Für den Empfang sind geeignete Empfangsgeräte (Fernsehgeräte, Set-Top-Boxen, …) erforderlich, die mit dem grünen DVB-T2 HD-Logo gekennzeichnet sind. Fernsehgeräte können weiter verwendet werden, müssen jedoch durch externe Empfangsgeräte erweitert werden. DVB-T2 gibt es in einigen Ländern wie Österreich, Frankreich oder England teilweise schon seit 2009, zum Teil auch in HD. Dafür kam aber noch das ältere Kompressionsverfahren AVC (H.264) zum Einsatz. Die spätere Einführung von DVB-T2 macht man sich hierzulande zunutze und setzt gleich auf das modernere Kompressions-Verfahren HEVC (H.265). Das Kompressionsverfahren arbeitet deutlich datensparender, sodass sich im Falle von DVB-T bei gleicher Belegung von Funkfrequenzen mehr Kanäle in besserer Bildqualität übertragen lassen. Damit ist die technische Umsetzung von DVB-T2 in Deutschland technisch einen Schritt weiter als im Ausland.

4K-Fernseher

4K-Fernsehern gehört die Zukunft. Sollten Sie mit dem Gedanken spielen, sich einen neuen Fernseher anzuschaffen, so sollten Sie die Vor- und Nachteile der 4K-Technologie abwägen. Möchten Sie bereits in die Zukunft investieren und gleich einen 4K-Fernseher kaufen oder doch noch abwarten und erstmal auf einen Full HD-Fernseher setzen? Zwar kosten große 4K-Fernseher noch deutlich mehr als vergleichbare Full-HD-TVs, jedoch gibt es bereits jetzt sehr gute Einsteigermodelle auf dem Ultra HD-Markt.

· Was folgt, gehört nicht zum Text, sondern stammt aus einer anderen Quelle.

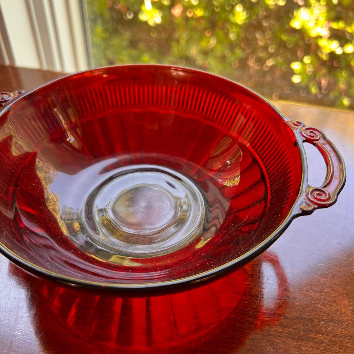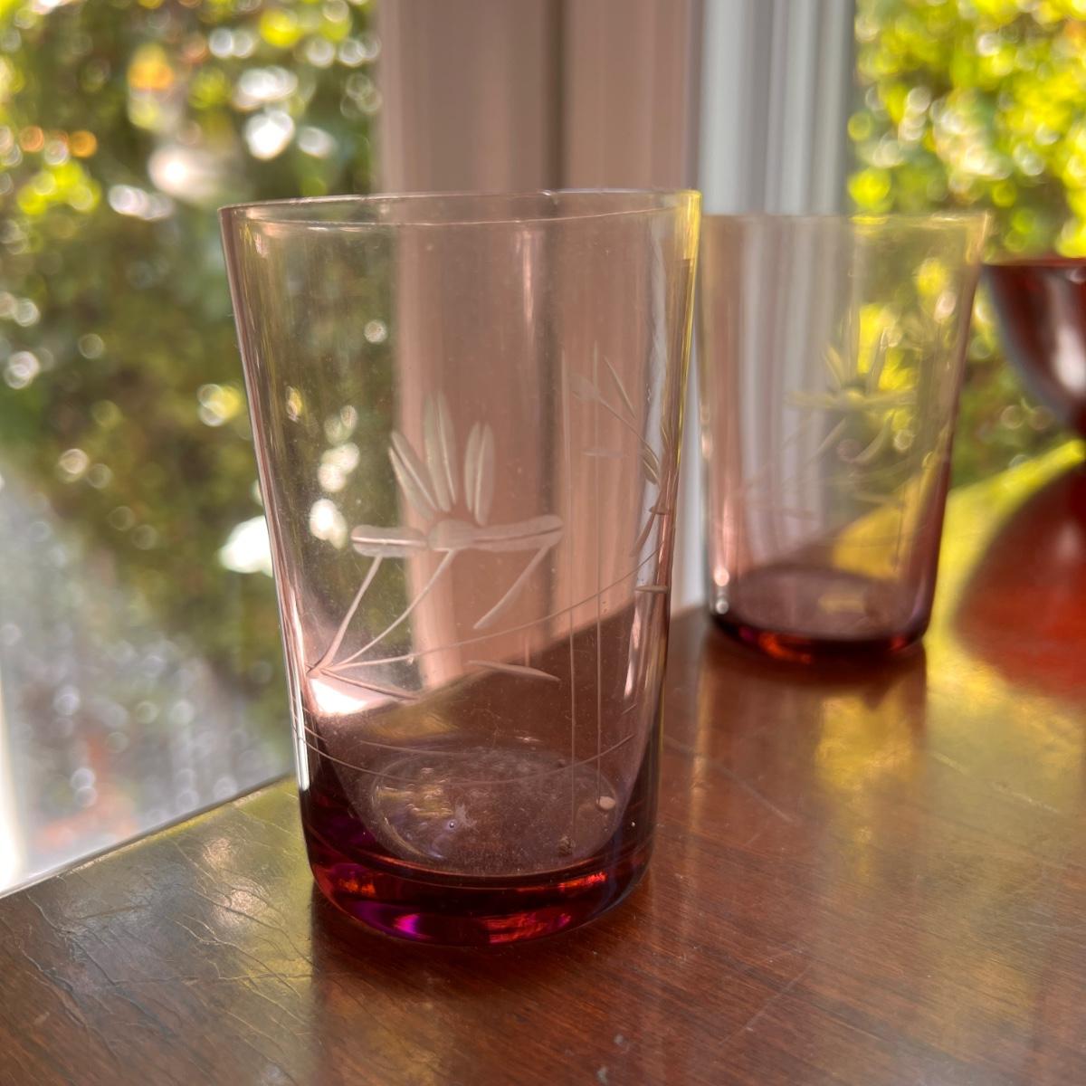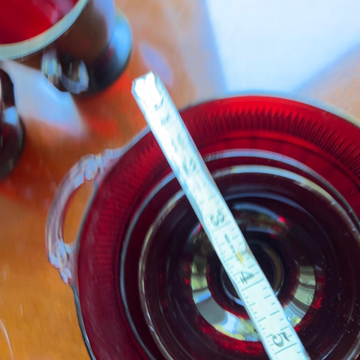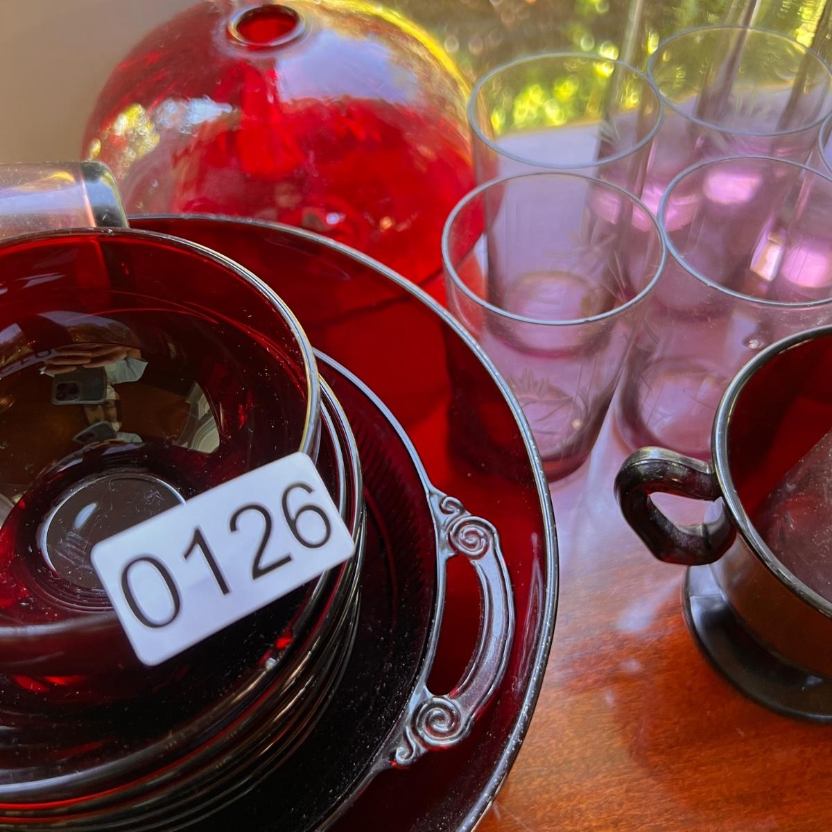 Cranberry red and violet colored glass lot including bowls, cups, lamp base and more.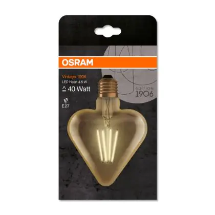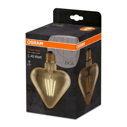 Beschrijving Osram Vintage 1906 LED E27 Heart Filament Goud 4.5W 470lm - 825 Zeer Warm Wit | Vervangt 40W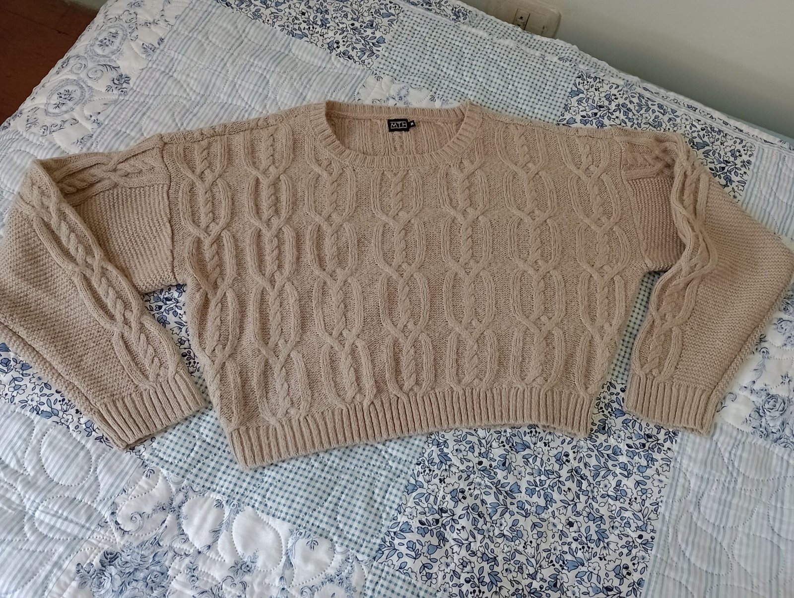 La chompatienedetalleen el tejido.talla M.tipo crop ala cintura.
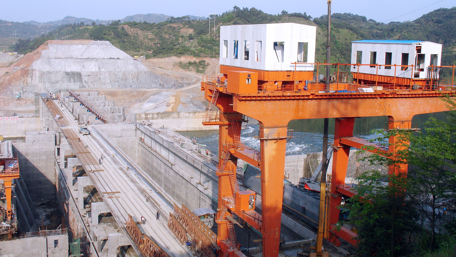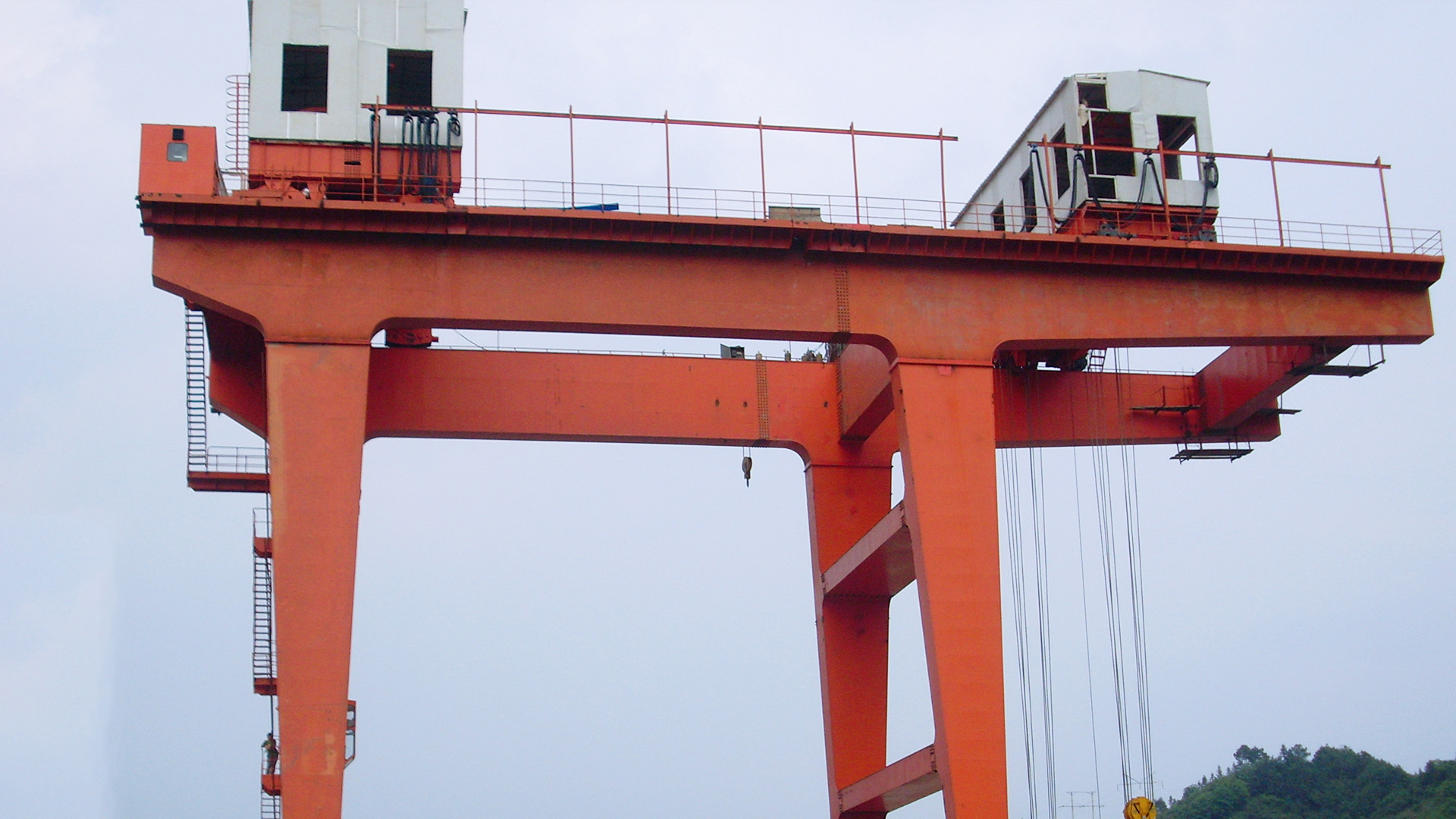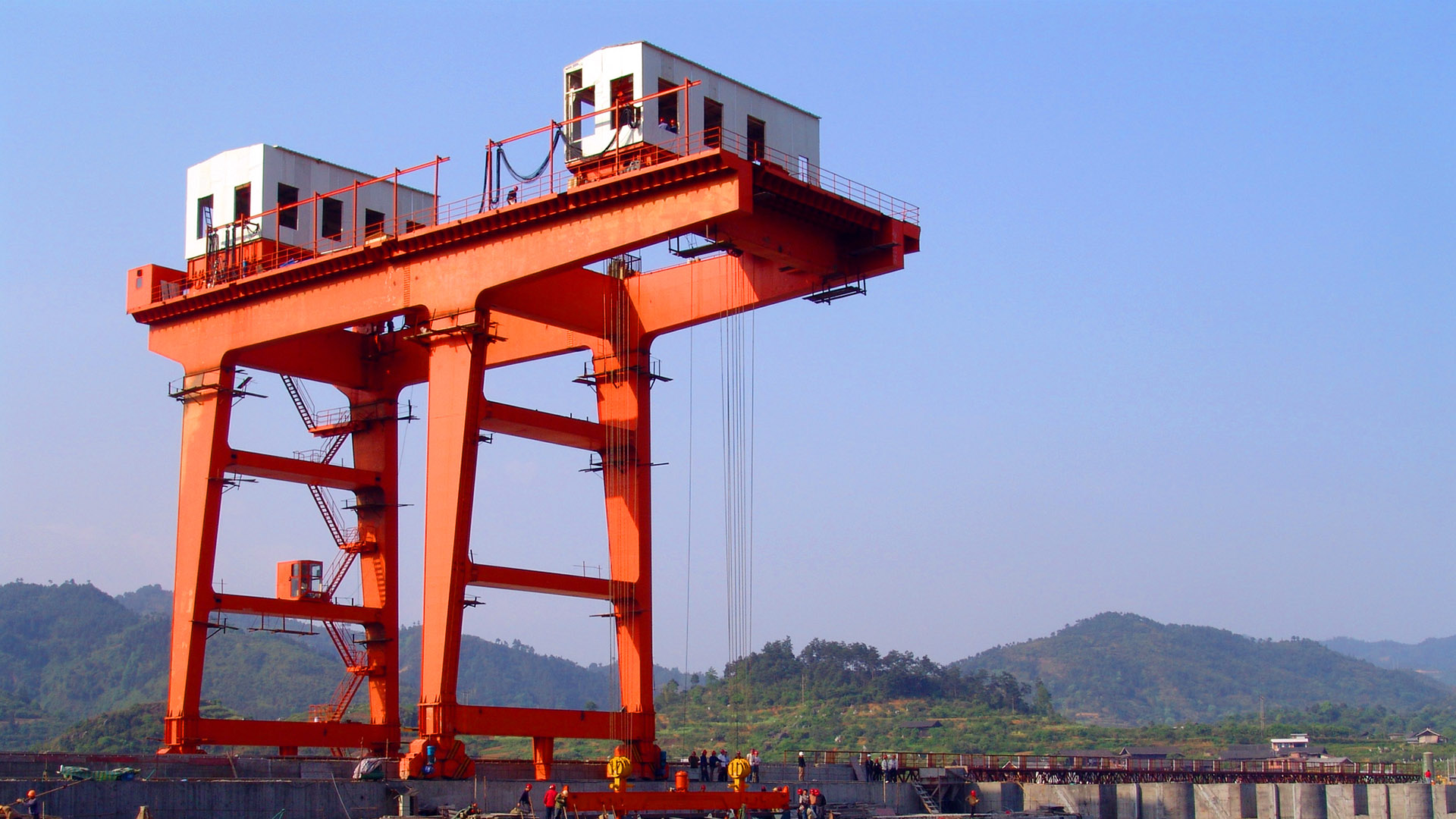 坝顶门式起重机为安装在水电站坝顶上的门式起重机。多为双向或单向移动式门机,由主起升小车、回转起升机构、大车行走机构、门架、司机室、各种电器设备和保护装置组成。用于启闭进水口检修闸门、船闸上闸首挡洪门,水轮机大件吊运及船闸冲沙闸工作闸门和其固定起闭机的安装和检修,将有关闸门吊运至闸门检修室进行检修与存放;回转吊用于坝顶小型设备的吊运等工作。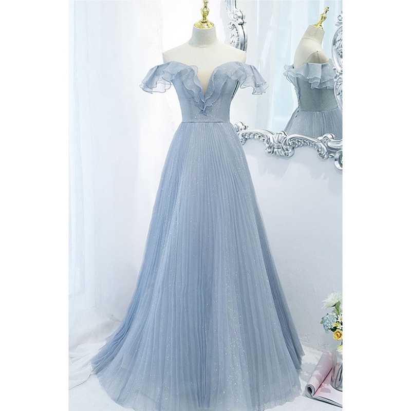 Be the first to review “Sweet Sky Blue Sparkling Pleated Short sleeved Off Shoulder Ball Dress Sky Blue A-line Princess Backless Tie with Ruffle Edge and Floor Length Evening Dress”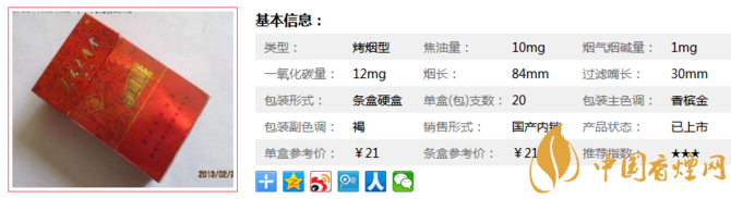 類型 :烤煙型 焦油量 :10mg 煙氣煙堿量 :1mg 一氧化碳量 :12mg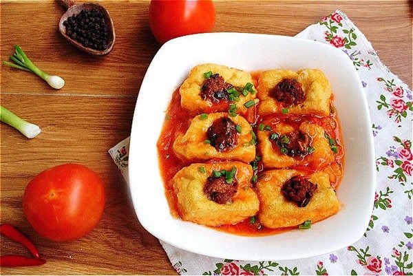 Cách làm: Bạn hãy cắt đậu phụ thành từng miếng 3-4cm, rồi khoét một lỗ nhỏ trên bề mặt miếng đậu phụ cho thịt xay vào đó. Tiếp theo, bạn bắc chảo cho dầu ăn rán vàng những miếng đậu phụ đã được nhồi thịt. Sau khi rán đậu xong bạn gắp chúng ra đĩa. Bạn vẫn dùng chảo đó, thêm ít dầu ăn rồi cho cà chua cắt miếng nhỏ thêm chút nước sôi rồi thả đậu phụ đã rán vàng vào, thêm gia vị cho vừa miếng. Sau cùng bạn rắc thêm chút hành lá thái nhỏ vào là được.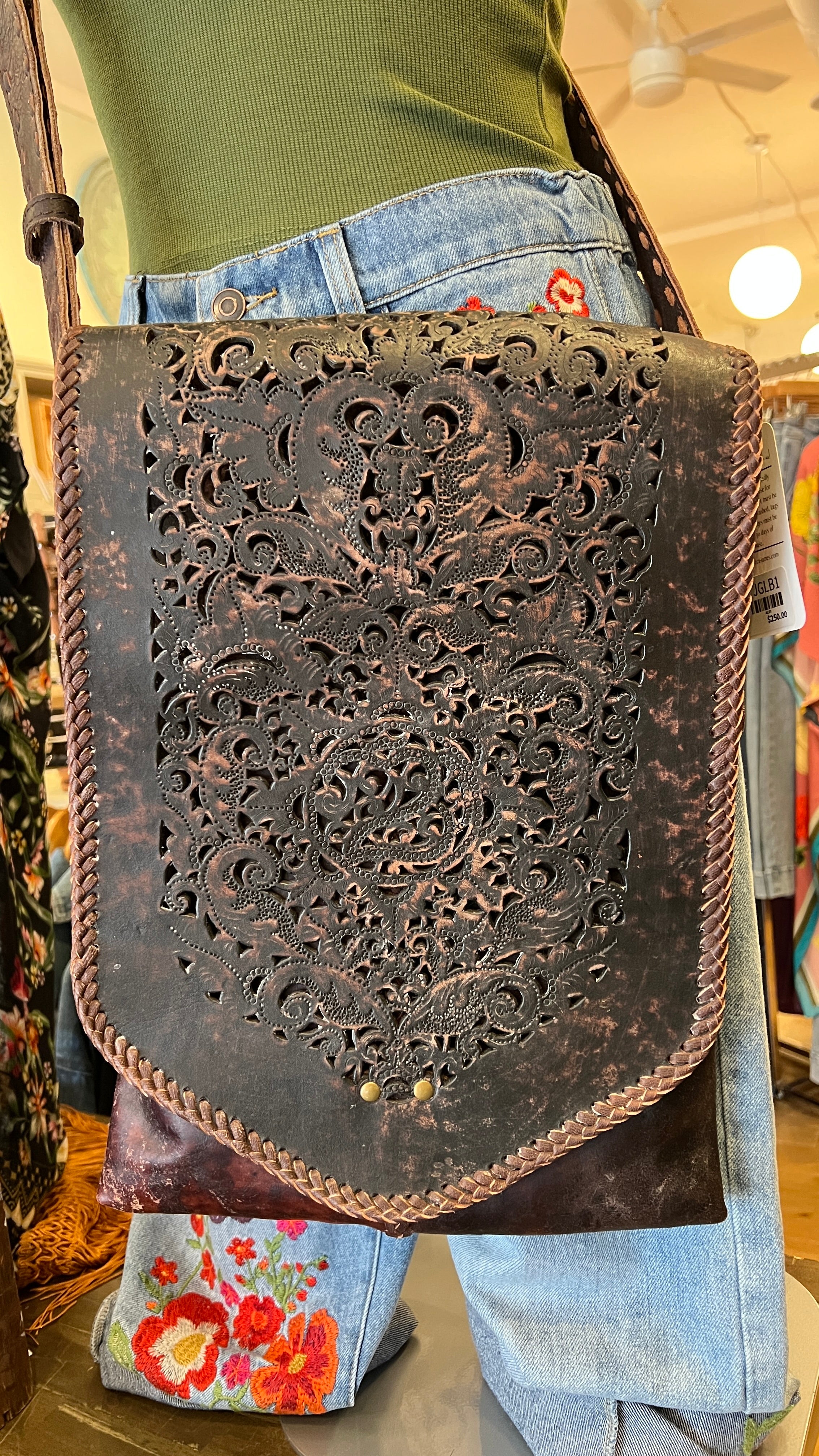 Jaded Gypsy Hand Tooled Leather Messenger Bag – Unisex Boho Work & Everyday Bag

Da der Sitzabstand zu dem Fernsehgerät häufig 2 Meter beträgt, würde sich hier die 4K-Auflösung erst bei einem TV-Gerät mit über 50 Zoll lohnen. Ab einer TV-Größe von 48 Zoll macht ein Fernseher mit 4K-Auflösung in den meisten Fällen Sinn. Bei kleineren Fernsehern reicht häufig auch eine Full HD-Auflösung. Dies hängt natürlich auch von dem Sitzabstand ab. Je näher Sie vor dem Fernseher sitzen, desto eher sollten Sie zu Ultra HD (4K) greifen.